23 June 2017 - 18:18 By Ernest Mabuza
A logo of Oakbay Investments is seen at the entrance of their offices in Sandton, outside Johannesburg, South Africa April 13, 2016.
A logo of Oakbay Investments is seen at the entrance of their offices in Sandton, outside Johannesburg, South Africa April 13, 2016.
Image: SIPHIWE SIBEKO

The JSE on Friday granted a request by Gupta-owned Oakbay Resources and Energy for a voluntary suspension of the listing of its securities‚ on a temporary basis‚ which will take place with immediate effect.

Oakbay Resources had its accounts closed by the country’s largest banks and was abandoned by its external auditors KPMG and sponsor Sasfin. This followed the rising tide of disclosures about the Gupta family’s dealings in South Africa’s political and business spheres.

“As previously communicated to shareholders‚ the recent resignations of the company’s sponsor‚ transfer secretary and an independent non-executive director (who was also the chairman of the company’s audit committee) has created significant uncertainty around the ability of Oakbay Resources to continue to meet its future obligations in terms of the listings requirements‚” the company announced in the Stock Exchange News Service.

It said as a direct consequence of these circumstances‚ the board believes it would be in the best interests of the company and its shareholders that the listing of its securities on the JSE was temporarily suspended.

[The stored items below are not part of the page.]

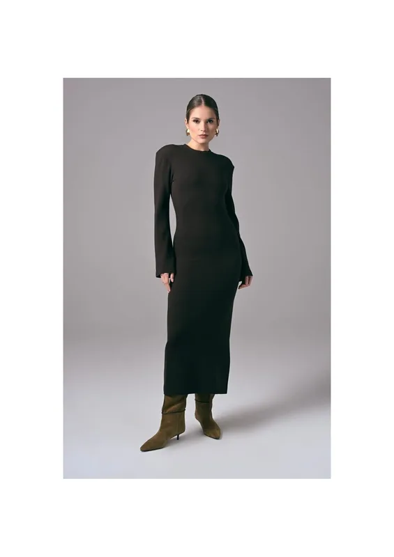 Brązowa sukienka damska Power Line o taliowanym kroju. Elegancja, struktura i nowoczesny power dressing do codziennej pracy. Sukienka Power Line to elegancka sukienka damska midi do pracy zaprojektowana w duchu nowoczesnego power dressingu. Łączy wyrazistą formę z komfortem noszenia, dzięki czemu sprawdza się w codziennym rytmie – w pracy, na spotkaniach i poza nimi. To model stworzony dla kobiet, które chcą wyglądać spójnie i pewnie bez nadmiaru stylizacji. DLACZEGO DZIAŁA Taliowany krój Delikatnie podkreśla talię i biodra, porządkując sylwetkę bez efektu opięcia. Poduszki na ramionach Wyraźna linia barków nadaje sylwetce siłę i równowagę, bez teatralnego przerysowania. Rozszerzane, długie rękawy Nowoczesny detal, który przełamuje prostą formę i dodaje sukience charakteru. Boczny rozporek Zapewnia swobodę ruchu i lekkość w długiej formie midi. MATERIAŁ Sukienka została uszyta z mięsistej dzianiny wiskozowej o wyraźnym splocie. Materiał: – nie prześwituje – jest stabilny i grubszy – dobrze trzyma formę – maskuje drobne mankamenty sylwetki Skład: wiskoza 70% poliamid 25% elastan 5 % ROZMIAR I DOPASOWANIE Sukienka ma fason regular, zaprojektowany tak, aby dobrze układać się na sylwetkach w zakresie rozmiarów S–L. S – polecany dla osób noszących XS/S M – polecany dla osób noszących M L – polecany dla osób noszących L Model wkładany przez głowę. WYMIARY: Wymiary mierzone na płasko Odpowiednio dla rozmiarów: S | M | L Szerokość ramion: 43 cm | 45 cm | 47 cm Biust: 40 cm | 41 cm | 43 cm Długość: 126 cm | 127 cm | 129 cm Długość rękawa: 61 cm | 62 cm | 63 cm Wysokość rozporka: 45 cm | 46 cm | 47 cm Modelka ma 173 cm i nosi rozmiar S . SZCZEGÓŁY TECHNICZNE – Długość: midi – Krój: taliowany – Dekolt: wysoki, okrągły – Rękawy: długie, rozszerzane ku dołowi – Ramiona: wzmocnione poduszkami – Rozporek: boczny – Materiał: dzianina wiskozowa – Produkcja: Polska STYLIZACJA Noś ją: – z botkami lub kozakami – z minimalistyczną biżuterią – solo lub pod płaszcz To sukienka, która porządkuje stylizację i nie wymaga okazji. NAJCZĘŚCIEJ ZADAWANE PYTANIA Czy sukienka sprawdzi się w codziennej pracy? Tak. Została zaprojektowana jako element codziennej elegancji – komfortowa, stabilna i odpowiednia do regularnego noszenia. Czy dopasowany krój nie podkreśla zbyt mocno sylwetki? Nie. Mięsista dzianina i przemyślana konstrukcja porządkują sylwetkę i maskują drobne mankamenty. Czy materiał jest odpowiedni na chłodniejsze dni? Tak. Dzianina jest grubsza, kryjąca i dobrze sprawdza się w niższych temperaturach.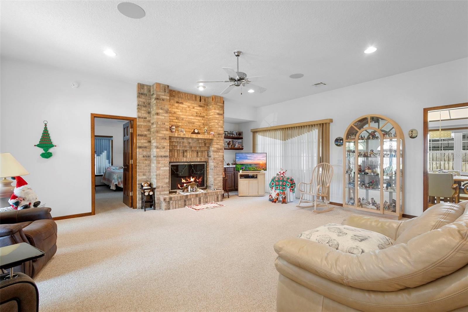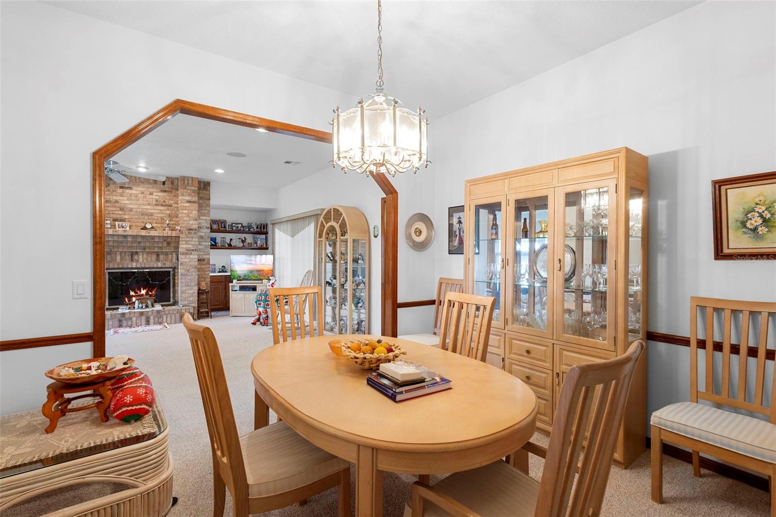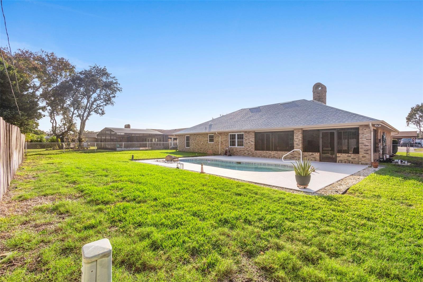 This beautiful 3 bedroom, 2 bath home sitting pretty on nearly a 1/4 acre complete with updates galor, fanced in yard and a sparkling self cleaning pool! Walk through the foyer into the expansive living room with a stately brick fireplace that can be electric or wood burning. With both a formal dining room with chair rail and a fully appointed kitchen with wood cabinets and a eat in kitchen with a bar, it is perfect for all of your entertainment needs. Spacious first floor primary bedroom with en suite as well as two other well appointed bedrooms perfect for guests or flex spaces. Looking for Florida living, look no further than the huge screened room overlooking the gleaming pool in the huge back yard perfect for outdoor living. Updates abound: new roof 2020, new windows, doors, electric in the last 5 years. This Deltona home is only missing one thing - you! So reach out today for your own private showing!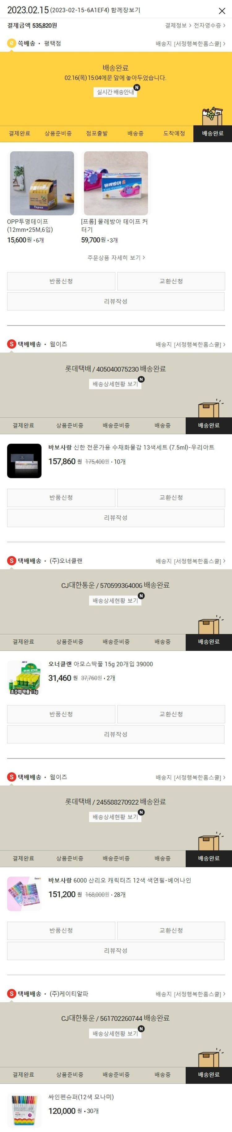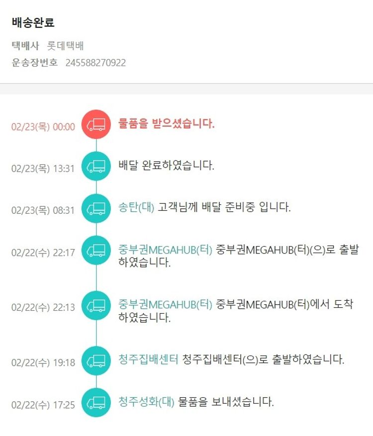 기부자님이 사용한 기부포인트 49,800원, 가격상승분 1,920원, 결제 수수료 11,769원, 기타 사업비는 행복나눔재단이 부담했습니다. (기부후기 발송시점에 최종 업데이트 됩니다.) 실제 쇼핑몰에서 확인되는 배송현황을 캡처한 내용입니다. 실시간 자료와는 차이가 있을 수 있습니다.
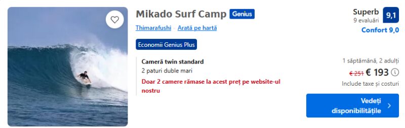 784 €/pers. (zbor si cazare Mikado Surf Camp )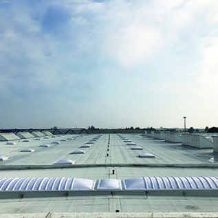 La copertura del fabbricato si estende per circa 20.000 m2 ed è caratterizzata da una struttura in elementi prefabbricati in calcestruzzo, sulla quale sono posizionati una serie di shed alternati a lucernari per aumentare l’illuminazione interna.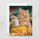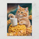 Cute Ginger Cat med Mjölk i rymden Vykort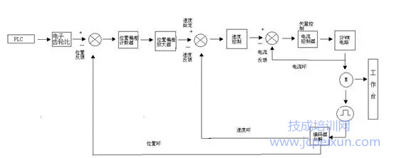 PLC發(fā)出指令脈沖數(shù)與編碼器檢查的位置反饋脈沖數(shù)同時送到伺服驅動進行比較運算,并求出偏差值存入位置偏差計數(shù)器內(nèi),經(jīng)過位置控制器進行位置增益運算,將運算的結果,即校正信號作為速度控制器的速度給定信號,再與編碼器檢測出的速度反饋信號進行比較運算,并求出速度偏差值,經(jīng)過速度控制器,進行Pi速度比例-積分運算,將運算出的結果,作為轉矩控制器即電流控制器的電流給定信號,在與電流傳感器檢測出的電流反饋信號給進行矢量控轉換之后,進行比較運算,并求出電流偏差值,經(jīng)過電流控制器,的矢量變量與功率放大,產(chǎn)生SPWM信號,控制 IGBT伺服逆變主回路,驅動伺服電機帶動機床工作臺朝著消除偏差的方向運動,由于位置指令是經(jīng)常變化的隨機變量,要求輸出量準確跟蹤給定定量的變化,因此,輸出響應的快速性、靈活性,準確性成為位置隨動控制系統(tǒng)的主要性能指標,為滿足這些指標的要求,采取由位置環(huán),速度環(huán)和電流環(huán)三環(huán)組成的控制系統(tǒng)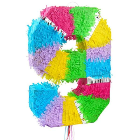 9-es szám formájú pinata születésnapi bulikhoz, évfordulókhoz. Csak meg kell tölteni cukorkákkal, felakasztani egy kampóra, szögre vagy faágra, majd egy bottal vagy seprűnyéllel addig ütögetni, amíg a papírmasé megadja magát, és az édességek a földre potyognak.A játék használata felnőtt felügyelete mellett ajánlott. A pinata maximum 1 kg cukorkával tölthető meg.A csomag cukorkákat nem tartalmaz.Anyaga: papírMérete: 35 x 7,5 x 50 cmA piñata (ejtsd pinyáta) eg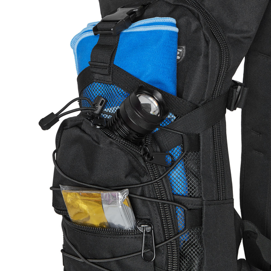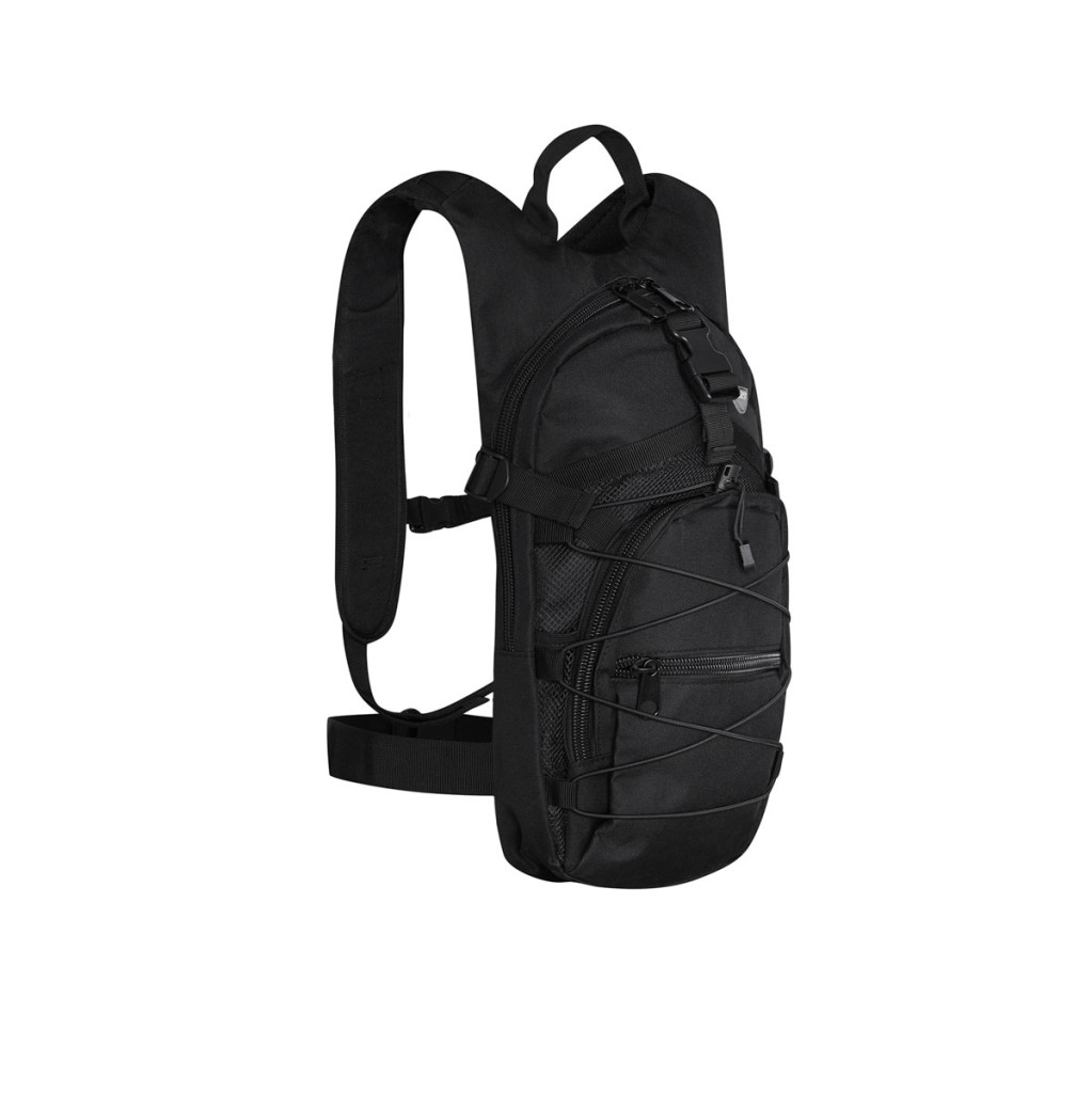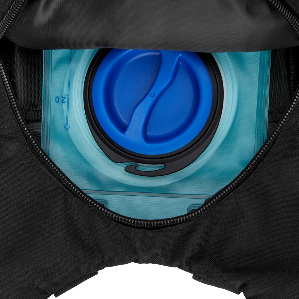 Hlavná komora batohu je vybavená prepážkou, v hornej časti sa nachádzajú 2 karabíny na zavesenie hydrovaku (nie je súčasťou dodávky). Hadičku hydrovaku je možné vyviesť prievlakmi na pravej aj na ľavej strane pod ramennými panelmi. Na hlavnej komore sa nachádzajú ďalšie úložné priestory a to veľké sieťované vrecko s popruhom a prackou - menšie otvorené, sieťované vrecko - 2. komora na zips - vrecko na zips (napríklad pre mobilný telefón a peňaženku) a gumová šnúra s brzdičkou, pod ktorou je možné prenášať napríklad cyklistickú helmu, alebo karimatku. Po stranách batohu sa nachádzajú kompresné popruhy, ktoré sťahujú hlavnú komoru a obe sieťované vrecká. Na hornej strane je robustné ucho na pohodlné prenášanie batohu v ruke. Zadná strana a ramenné popruhy sú polyesterové bez polstrovania. Na popruhoch je gumové pútko na prevlečenie hadičky hydrovaku a hrudný popruh, ten je výškovo a dĺžkovo nastaviteľný. Bedrový popruh s robustnou prackou má šírku 3,5 centimetra.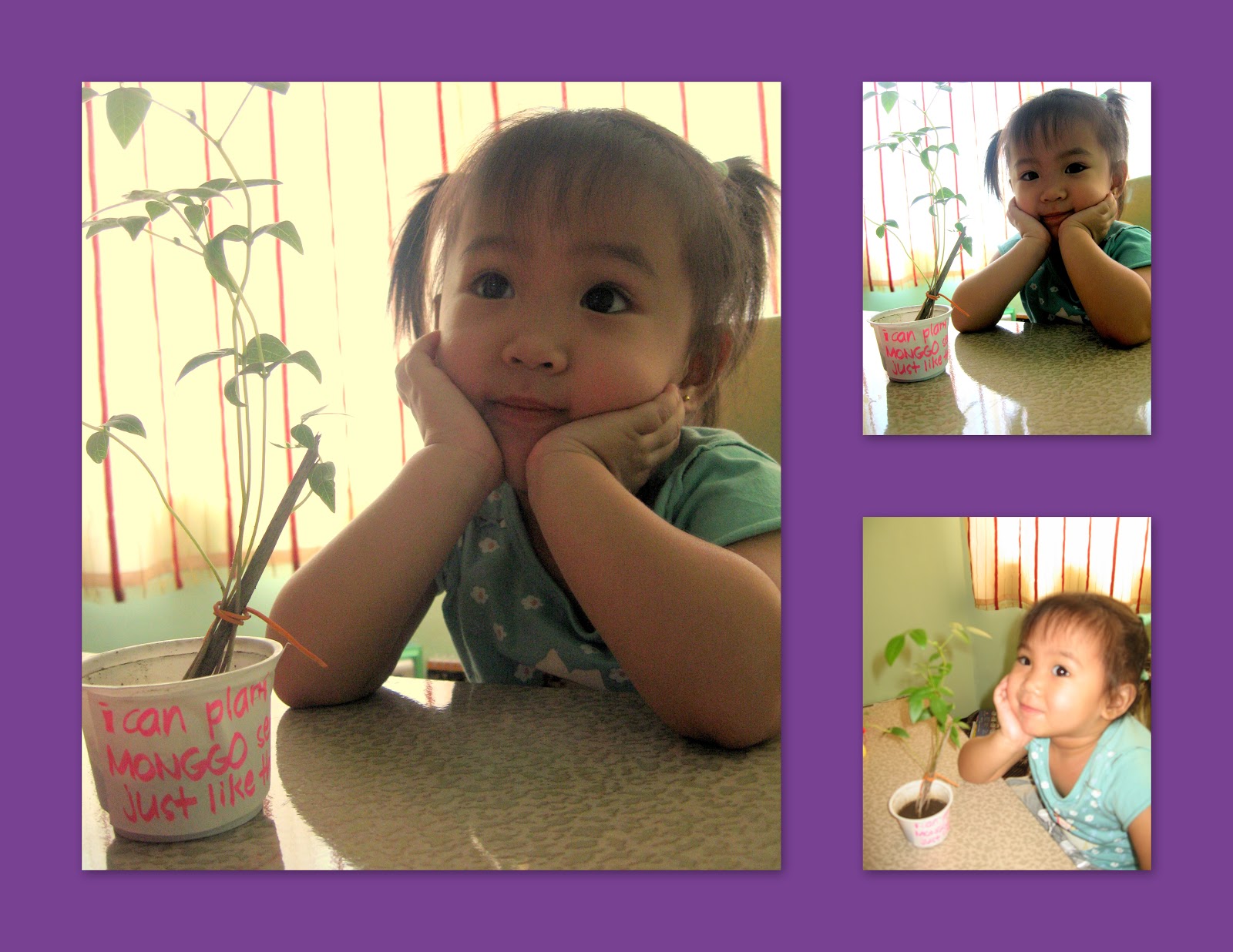 The school she loves gave her her 1st victory. Mia won the Green Thumb Photo Contest with 86 likes (in Facebook). We planted monggo seeds in school while singing. This was the same plant that had to appear in the picture.

“The board of directors remains in the process of evaluating several alternatives available to the company and the shareholders would be informed in due course as to any developments in this regard‚” the company said.

TimesLIVE reported earlier in the day how companies controlled by the family had been dropped by their South African bankers and auditors and public relations firm Bell Pottinger.

Independent non-executive director Mark Pamensky left the company last month.

The family have come under intense scrutiny after a series of exposes‚ based on a cache of leaked emails‚ suggested they were closely linked to prominent politicians and may have improperly benefited from lucrative government deals.

President Jacob Zuma this week‚ under mounting pressure from civil society and opposition parties‚ agreed to institute a judicial commission of inquiry into allegations of state capture.